Would you write out each line of the material below exactly, skipping every picture?

** Recorded data follows **

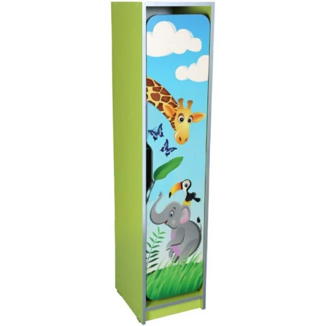 Шкаф детский 1-местная для раздевалки с фотопечатью "Саванна" Габаритные размеры: 322х350х1400 мм. Вес: 22,88 кг. Материал: корпус, полки, двери - ДСП ламинированная, толщина 16 мм. Задняя стенка - ДВП ламинированная белая 3 мм. Фасад оклеенного кромочного лентой ПВХ толщиной 1 мм, другие части шкафа оклеенного кромочного лентой ПВХ толщиной 0,5 мм, цвета «алюминий». Крючки для мебели хромированные малы. Дверца с вырезом. Цвет ДСП: лайм / беж.
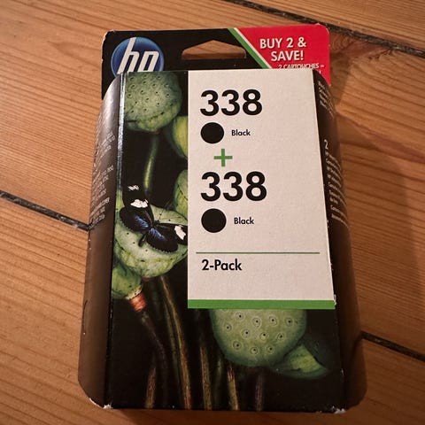 HP 338 blækpatron 2-pack sort. Pakken indeholder to sorte HP 338 blækpatroner, egnet til kompatible HP-printere. Patronerne er beregnet til sort tekst- og dokumentudskrivning. Oplysninger om kompatible printermodeller og kapacitet fremgår af emballagen fra producenten.
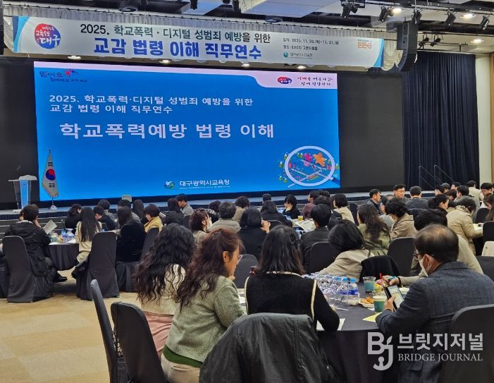 브릿지저널 김진석 기자 | 대구시교육청은 11월 20일과 11월 21일, 양일간 엑스코에서 초·중·고·특·각종학교 교감 430여 명을 대상으로 ‘학교폭력‧디지털 성범죄 예방을 위한 법령 이해 연수’를 운영한다.

** End of Recorded data **

→ **Result for this exercise**
 Шкаф детский 1-местная для раздевалки с фотопечатью "Саванна" Габаритные размеры: 322х350х1400 мм. Вес: 22,88 кг. Материал: корпус, полки, двери - ДСП ламинированная, толщина 16 мм. Задняя стенка - ДВП ламинированная белая 3 мм. Фасад оклеенного кромочного лентой ПВХ толщиной 1 мм, другие части шкафа оклеенного кромочного лентой ПВХ толщиной 0,5 мм, цвета «алюминий». Крючки для мебели хромированные малы. Дверца с вырезом. Цвет ДСП: лайм / беж.
 HP 338 blækpatron 2-pack sort. Pakken indeholder to sorte HP 338 blækpatroner, egnet til kompatible HP-printere. Patronerne er beregnet til sort tekst- og dokumentudskrivning. Oplysninger om kompatible printermodeller og kapacitet fremgår af emballagen fra producenten.
 브릿지저널 김진석 기자 | 대구시교육청은 11월 20일과 11월 21일, 양일간 엑스코에서 초·중·고·특·각종학교 교감 430여 명을 대상으로 ‘학교폭력‧디지털 성범죄 예방을 위한 법령 이해 연수’를 운영한다.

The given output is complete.